WHAT TO WORK ON ▸ Print the lines that start the entries and continue through the one holding "Auf die Frage, was", please, exactly and with the pictures omitted.

Stored items from a collection:
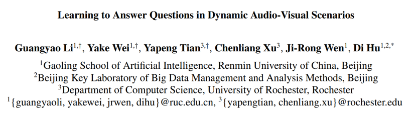 本项研究由中国人民大学高瓴人工智能学院主导,与美国罗彻斯特大学合作完成,通讯作者为 GeWu 实验室胡迪助理教授,主要内容由 GeWu 实验室博士生李光耀负责。
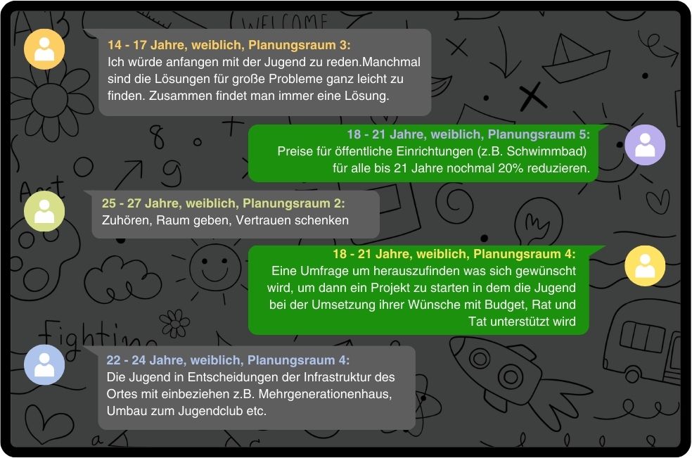 Auf die Frage, was die Befragten für die Jugend in ihrem Ort tun würden, wenn sie Bürgermeister*in wären, konnten wieder Freitextantworten gegeben werden, dazu folgend wieder eine Auswahl:
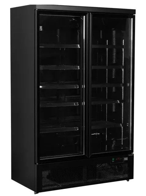1253 x 710 x 2003 мм, 220В, 0,46кВт, 179кг., общий / полезный объем 1081 / 809 л, темп. -1...+10, стеклянные двери, размер полок 566 x 480 мм, 10 черных полок в комплекте
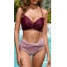 Sexy Contrast Color Ruched Bikini Set Consist of Halter Swimming Top and Ruched High-rise Swimming Bottom
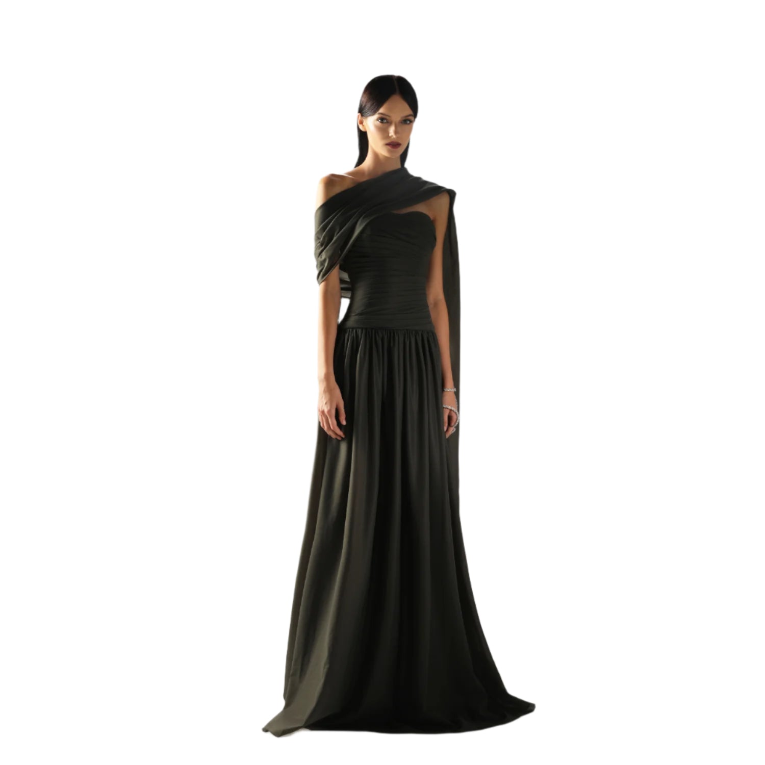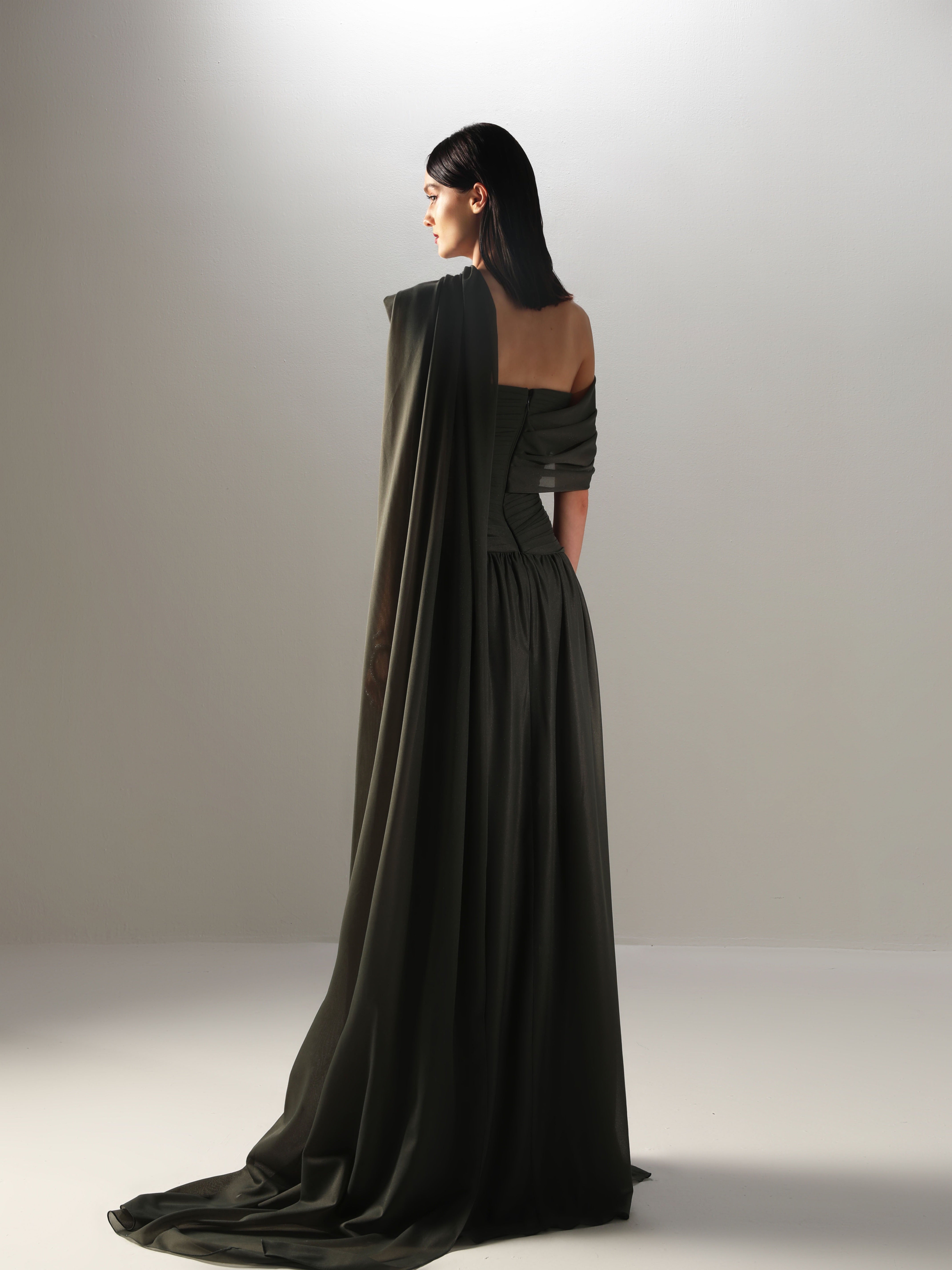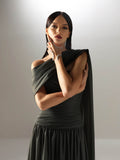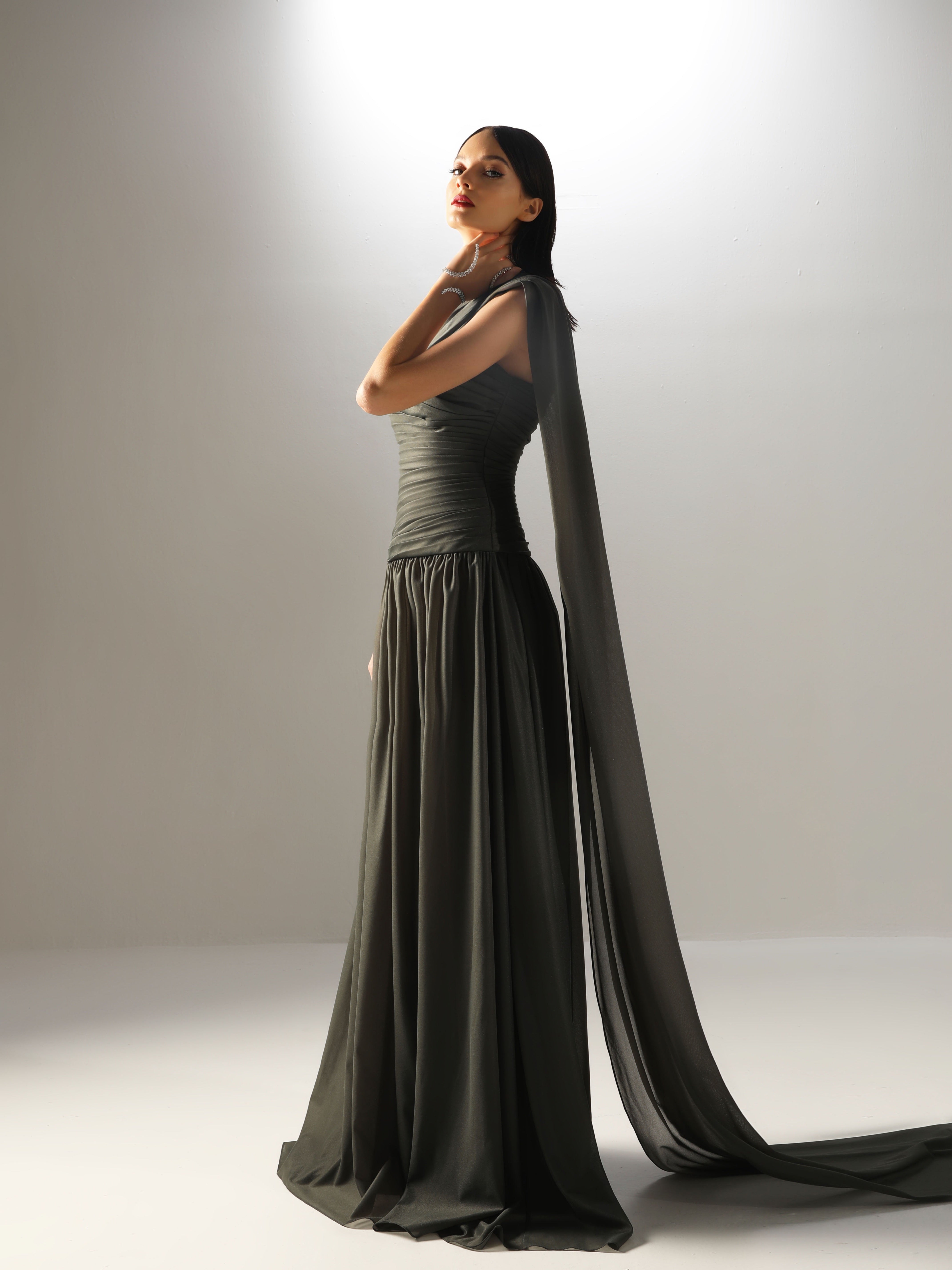 The Velvety Couture Women's OULA Dark Forest Dress is an epitome of elegance, crafted to make a dramatic statement for any evening occasion. This stunning dress features a rich dark forest hue, which adds depth and sophistication to its overall aesthetic, making it a standout piece in any wardrobe. Constructed from unique chiffon, the dress boasts a draped drop waist design that accentuates the figure while offering a graceful flow and movement. The draping technique beautifully elongates the silhouette, creating a flattering effect that enhances the wearer's natural curves and adds a touch of ethereal charm. Adding to the dress's allure is the attached shawl, which provides an additional layer of elegance and versatility. The evening length of the dress ensures that it exudes formal sophistication, making it ideal for galas, weddings, or any upscale gatherings where making a lasting impression is essential. The dress's exquisite craftsmanship and attention to detail reflect Velvety Couture's commitment to luxury fashion. The Women's OULA Dark Forest Dress is a breathtaking choice for those seeking a timeless, elegant look with a modern twist, embodying a sense of romantic allure and refined style that captivates and enchants.

ANSWER TO THIS PROBLEM ▸
 本项研究由中国人民大学高瓴人工智能学院主导,与美国罗彻斯特大学合作完成,通讯作者为 GeWu 实验室胡迪助理教授,主要内容由 GeWu 实验室博士生李光耀负责。
 Auf die Frage, was die Befragten für die Jugend in ihrem Ort tun würden, wenn sie Bürgermeister*in wären, konnten wieder Freitextantworten gegeben werden, dazu folgend wieder eine Auswahl:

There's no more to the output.